У Макси есть SAW с прикрепленным к спине складным прикладом. У этого оружия 20 фунтов дедвейта [deadweight - полная грузоподъёмность], и я беспокоюсь, что он сможет бросить гранату, неся его.
«Сможешь ли ты бросить эту херню с SAW на спине?» - спросил его я.
Он без колебаний говорит: «Я могу это сделать».
Я хочу, чтобы он перебросил гранату через стену и как можно ближе к дому. Взрыв должен заставить повстанцев спрятать головы достаточно долго, чтобы мы могли ворваться во двор. Я не хочу проходить через ворота только для того, чтобы меня встретили шквальным пулеметным огнем.
Я говорю Макси бросить гранату.
Он снимает чеку. Чека отлетает, граната шипит. Он неловко подбрасывает её, SAW скользит по его спине.

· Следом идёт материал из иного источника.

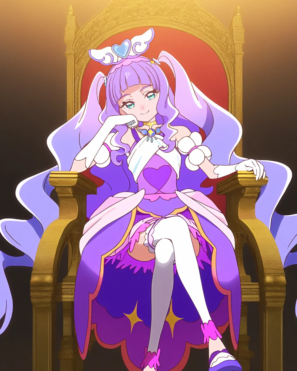 magical girl, white gloves, elbow gloves, purple dress, white thighhighs, wing brooch, wing hair ornament, brooch, jewelry, puffy sleeves, twintails, purple footwear,There are still many charming characters, but I don't think this lora can hold more information...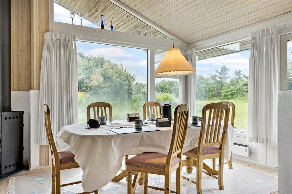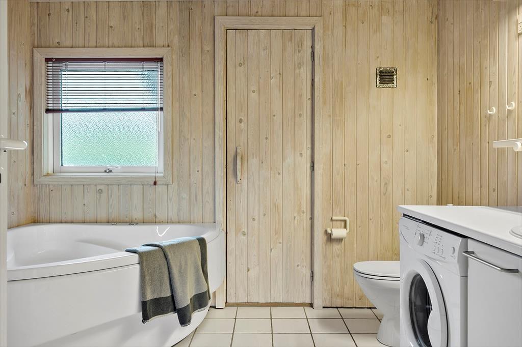 Fra entreen kommer man direkte ind i husets køkken-alrum, hvor hele familien kan være samlet og nyde hinandens selskab, uanset om man laver mad i køkkenet, spiller brætspil ved spisebordet eller sidder i sofakrogen og læser en god bog foran brændeovnen. Sommerhuset har tre gode, lyse værelser, hvoraf to er med dobbeltseng og det sidste er med køjeseng. Badeværelset er stort og har bruseniche samt spabad og en sauna, så her er fin mulighed for at slappe af og bruge lidt tid på selvforkælelse. Huset har desuden både vaske- og opvaskemaskine for at gøre ferien så bekvem som mulig.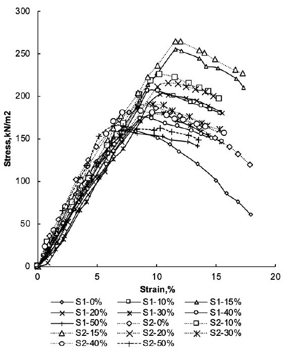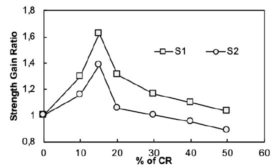 The compressive strength of the soil was found using equation (4). Figure 1 shows the stress-strain graph of Sl and S2 soils mixed with various proportions of CR (0, 10, 15, 20, 30, 40 and 50% by weight). The compressive strength of S1 and S2 were 160 and 191 kPa, respectively. Upon increasing the percentage of CR in the soil, the compressive stress decreased beyond 15% of CR intrusion. The strength increased to 260 kPa (38.5%) in S1 and to 263 kPa (27.7%) in S2. Strength gain ratio (treated soil strength to untreated soil strength) showed a typical increase in strength up to 15% and decreased after further addition. Beyond 40% for S1 and 30% for S2, the strength was less than the untreated soil (Fig. 2); hence, for highly compressible soil, the usage limit of CR is 40% and for low compressible soil, is 30%.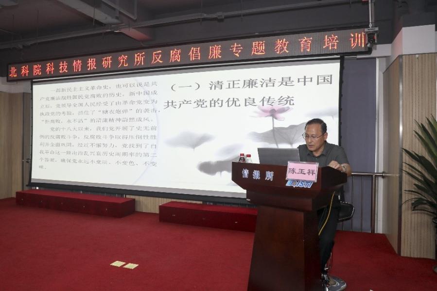 陈玉祥从“树牢廉洁意识”“践行廉洁行动”“倡导清廉风气”三个方面,结合发生在科技系统的真实案例,生动地讲解了清正廉洁是中国共产党的优良传统,是党员干部的党性要求和具体体现,也是党员干部从政从业的底线;指出清廉从政从业,贵在清,重在清,全在清。当前全面反腐败斗争形势严峻复杂,广大党员干部要加强学习,树立正确的权力观;要廉洁齐家,带头树立良好家风;要率先垂范,锻造优良行风作风。专题培训内容丰富、深入浅出,引人深思,令人警醒,为情报所全体党员干部上了一堂生动的教育课。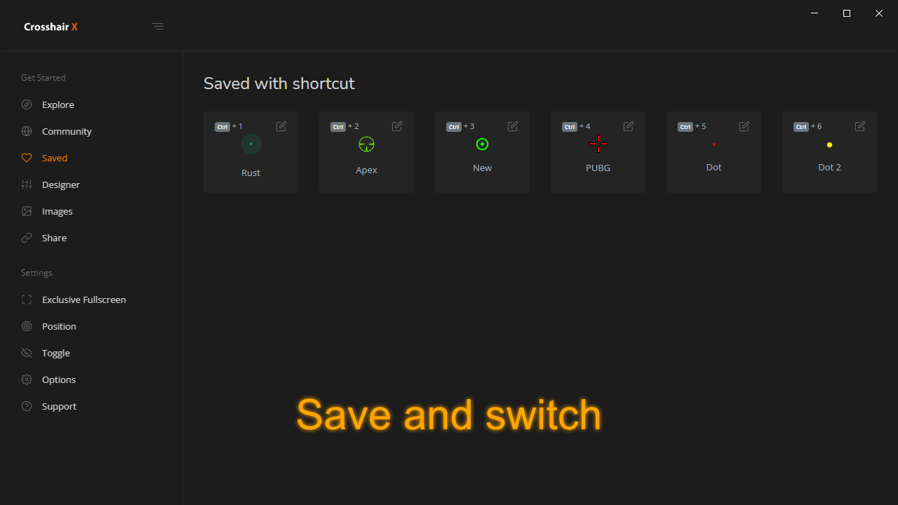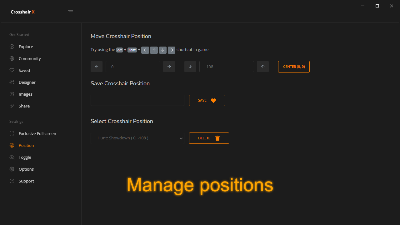 • Positions: Display your crosshair on any monitor and manage saved positions for different games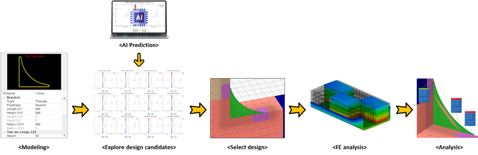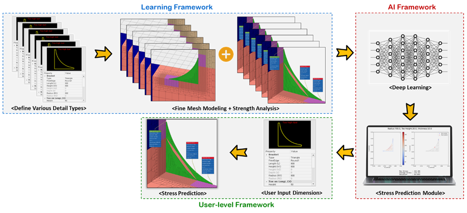 KR has developed an AI prediction model for stress values based on bracket design variables (bracket radius, bracket thickness, and toe height). This model was integrated into KR's flagship software, SeaTrust-HullScan, to explore the potential of AI-CAE. The framework for the AI prediction model, as shown in 'Figure 3', consists of learning data generation, model training, and model utilization.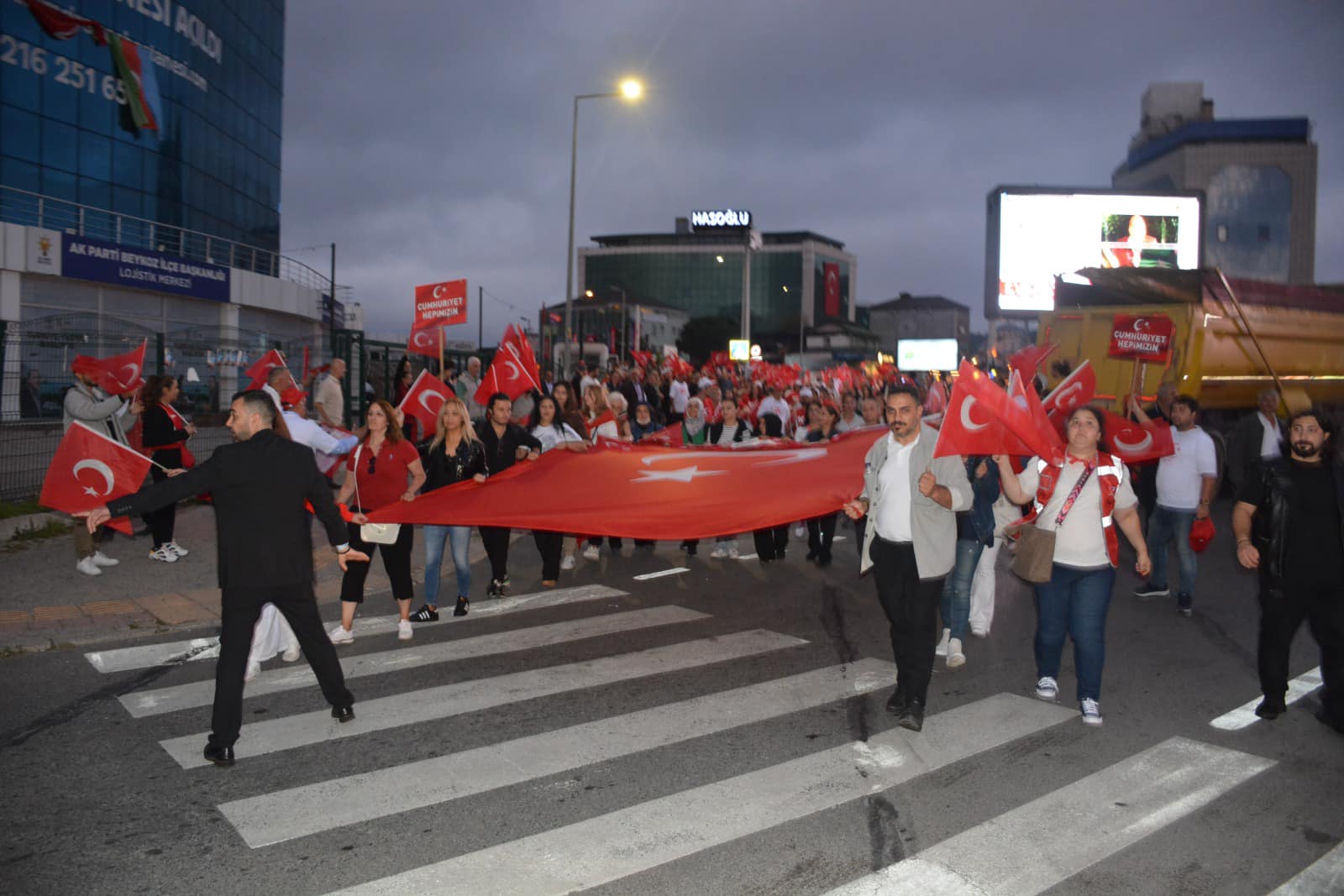 CHP Beykoz İlçe Başkanlığınca düzenlenen fener alayı yürüyüşü akşam saatlerinde Kavacık otobüs duraklarının bulunduğu noktadan başladı.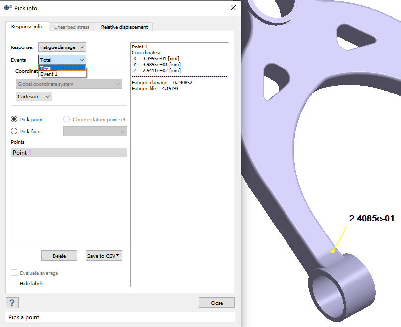 選択情報ダイアログのイベントで、ドロップダウンメニューからトータルを選択して累積損傷を表示するか、関心のある個々のイベントを選択します。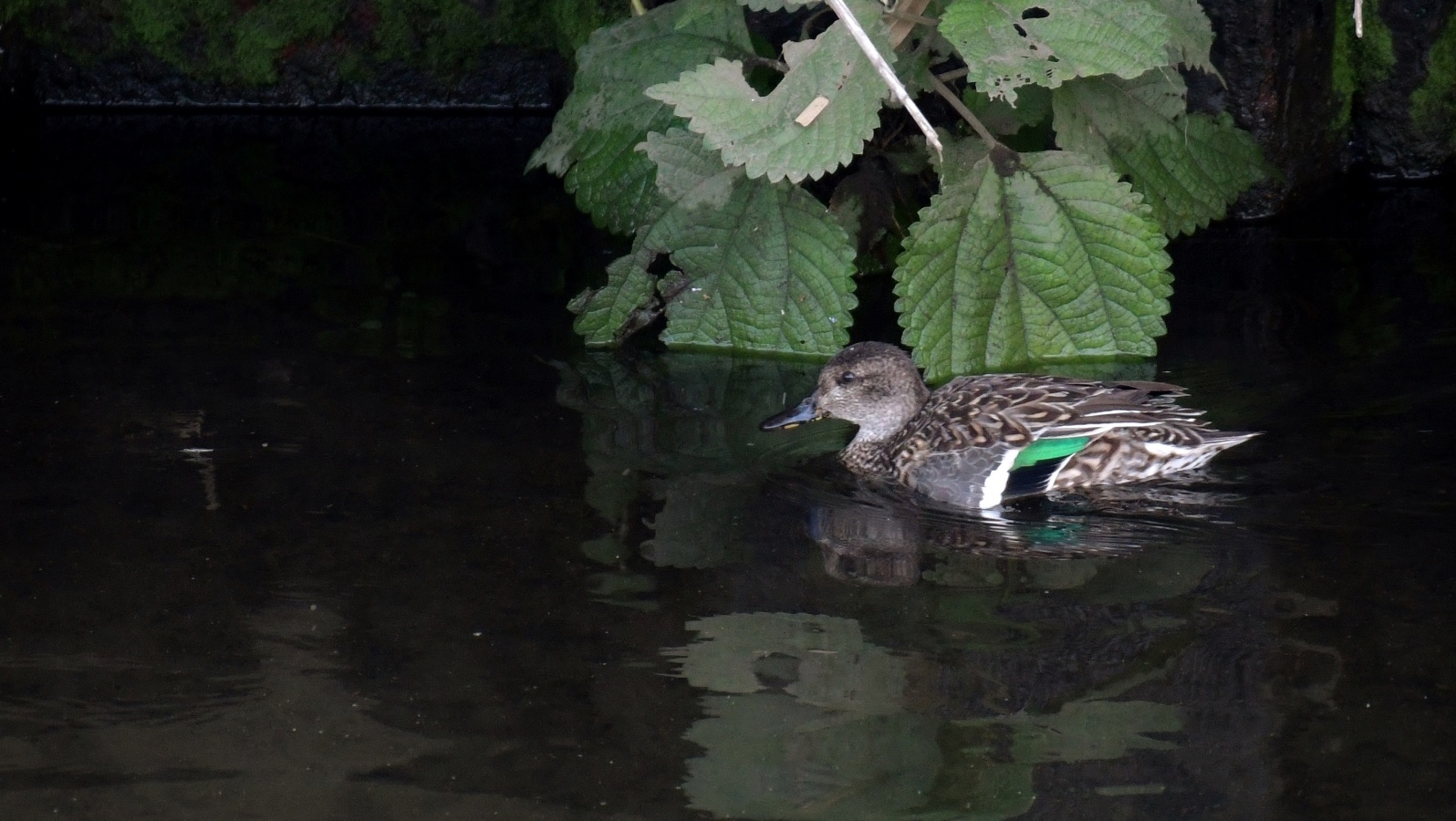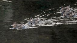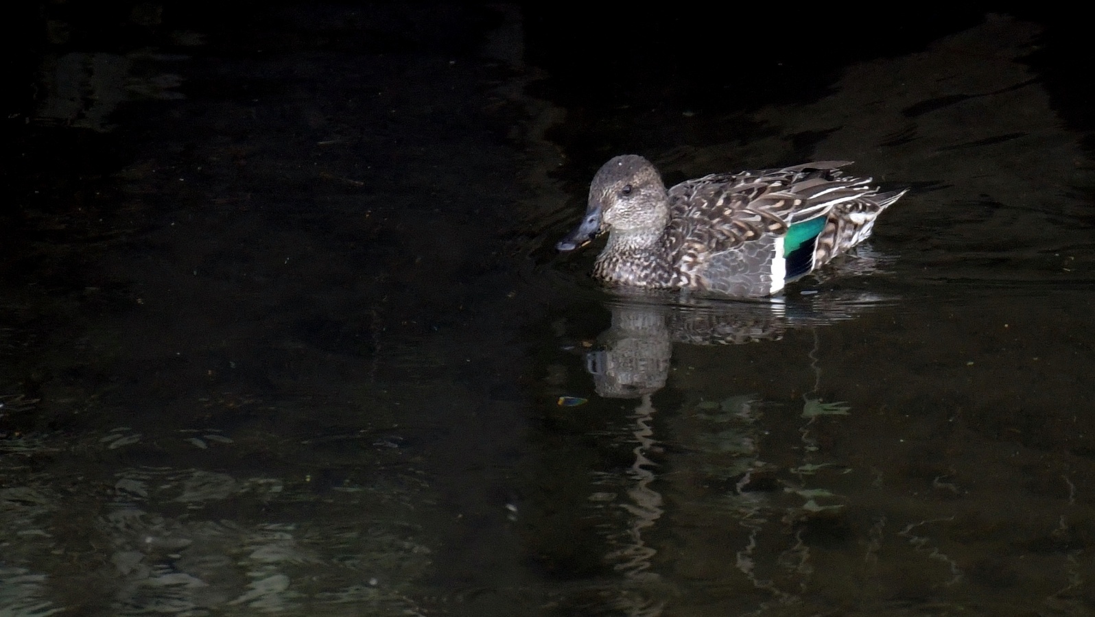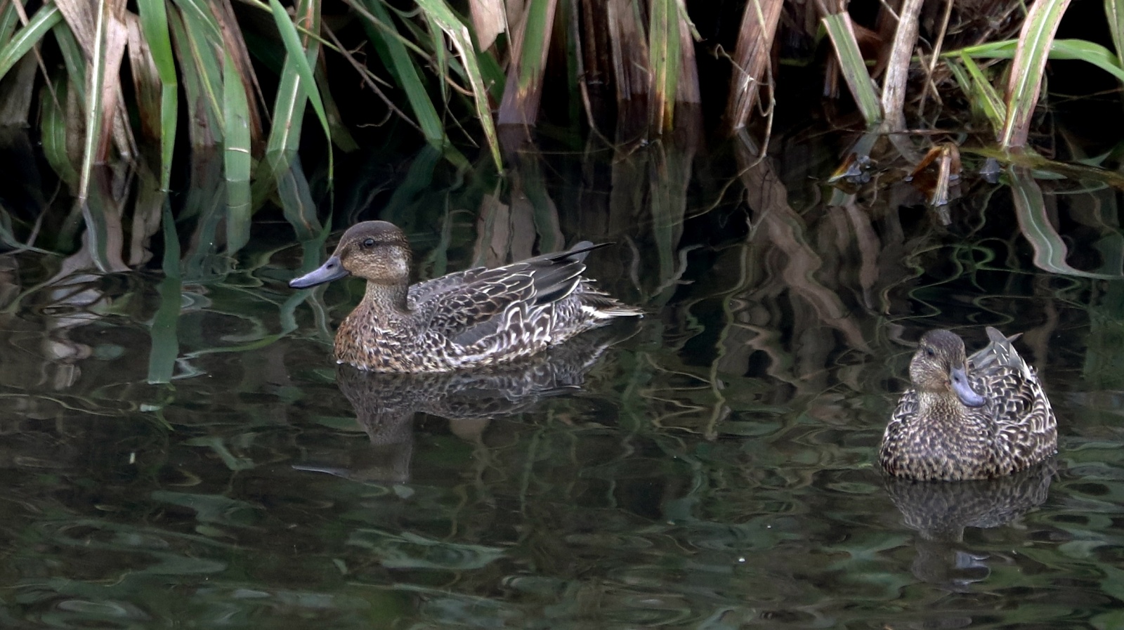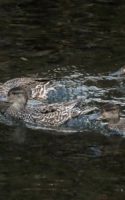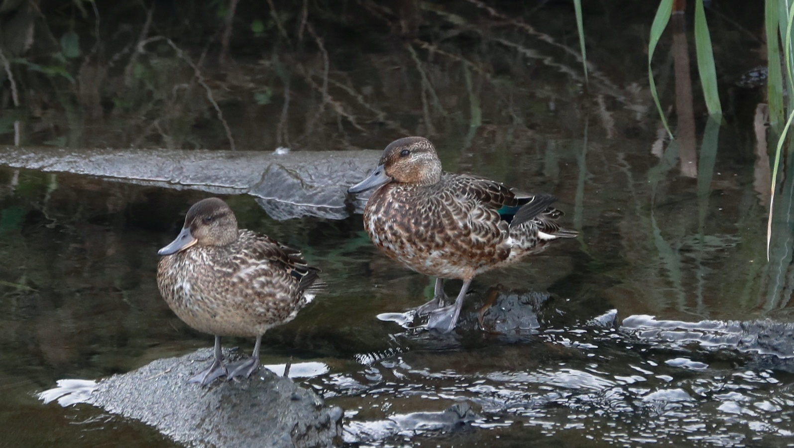 2週間位前に来ていた1羽のコガモの先導だったのか?親水公園の川にやっとやってきた、まだ♂♀の区別が付かないコガモ達です。
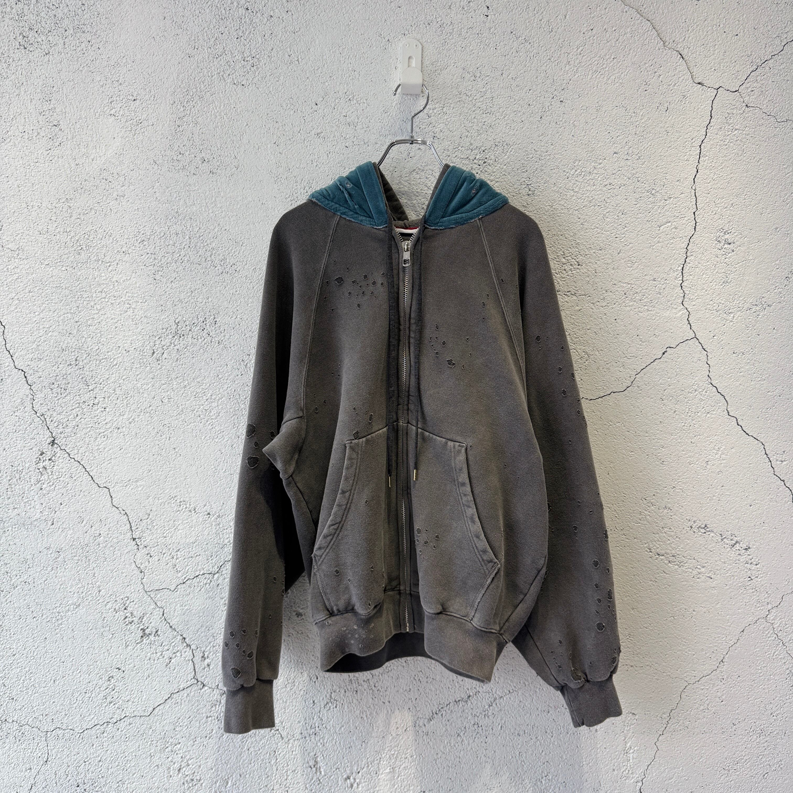 SEVESKIG / Velour Layered Zip up Hoodie / BLACK
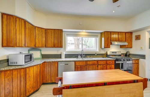 Book your next getaway at this vacation rental in Fountain, CO! Boasting all the modern comforts you'll need to feel at home, this 3-bedroom, 1.5-bath house makes an ideal launching pad for adventures with your loved ones. Here, you'll be located just a short drive from Colorado Springs' attractions, Manitou Springs' restaurants and shops, and local hotspots like Cheyenne Mountain Zoo. After exploring the area, retreat to the property to relax in the well-appointed living space!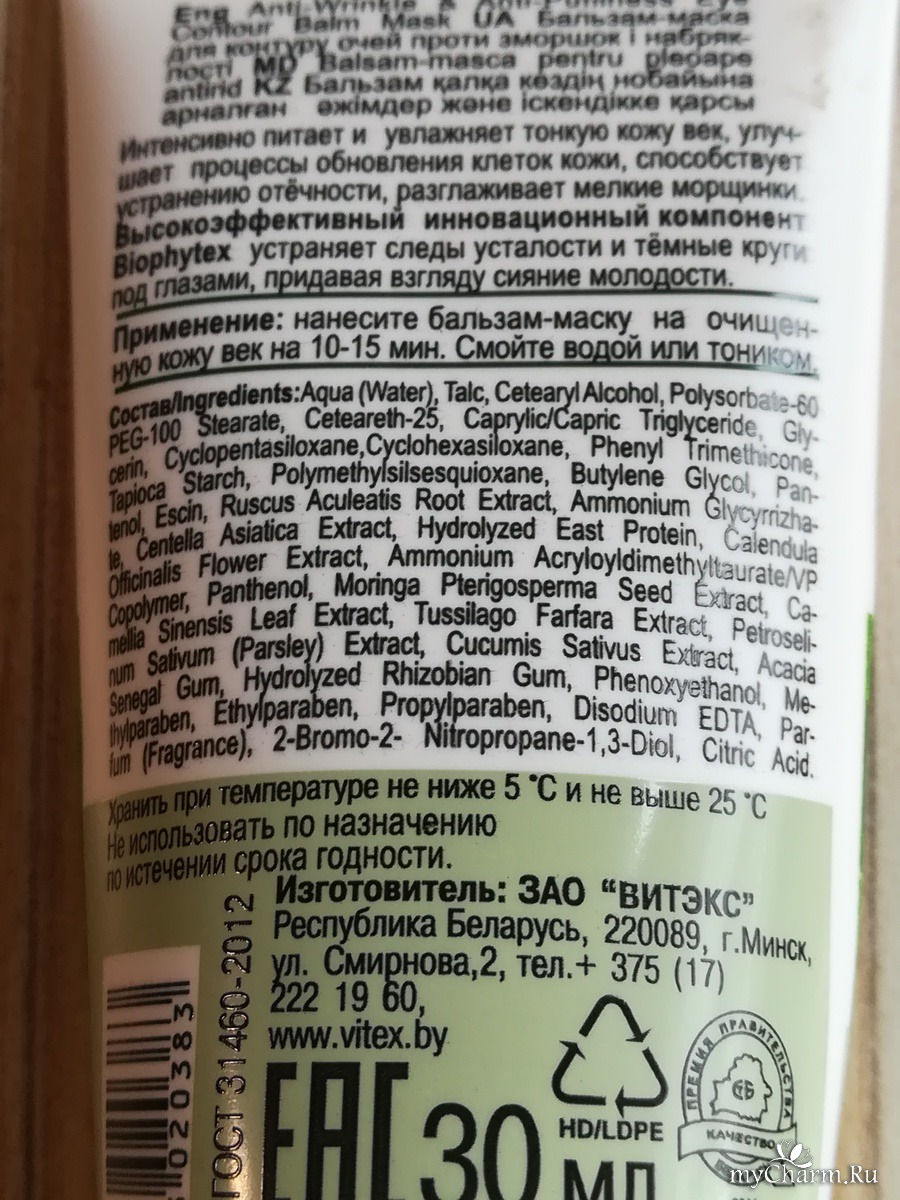 myCharm.Ru → BIТЭКС Бальзам-маска для контура глаз против морщин и отечности

Лоусон хватает Максфилда и бросает его на землю с воплем: «Вот дерьмо!».
Как только я это вижу, я понимаю, что у нас проблемы. Бросок выглядит коротким. Я тащу Оле за «Брэдли». Граната отскакивает от края внешней стены, снова отскакивает и балансирует на краю. Я уверен, что она вот-вот упадёт на улицу и взорвётся, забрызгав Брэдли шрапнелью. В последнюю секунду она скатывается со стены и приземляется во дворе. БУМ! Разворачивается облако пыли. Я замечаю, что стена такая толстая, что граната даже не сломала её. Надо же. Если весь дом построен так, у нас проблемы.
Макси выходит из-за Брэдли, потрясенный. Я смотрю на него: «Хороший бросок, засранец».
Раздосадованный, он может сказать только «Извини».
Время идти. Я говорю Оле и Макси: «Ангелы Чарли!». Это код нашего взвода для формирования клина из трех человек с оружием наготове, точно так же, как знаменитые силуэты трех малышек из старого телешоу. Оле встаёт у моего левого плеча, Максфилд - у правого.
«Вы остаётесь на моих чертовых крыльях, Hooah? Что бы ни случилось ... держись и стреляй».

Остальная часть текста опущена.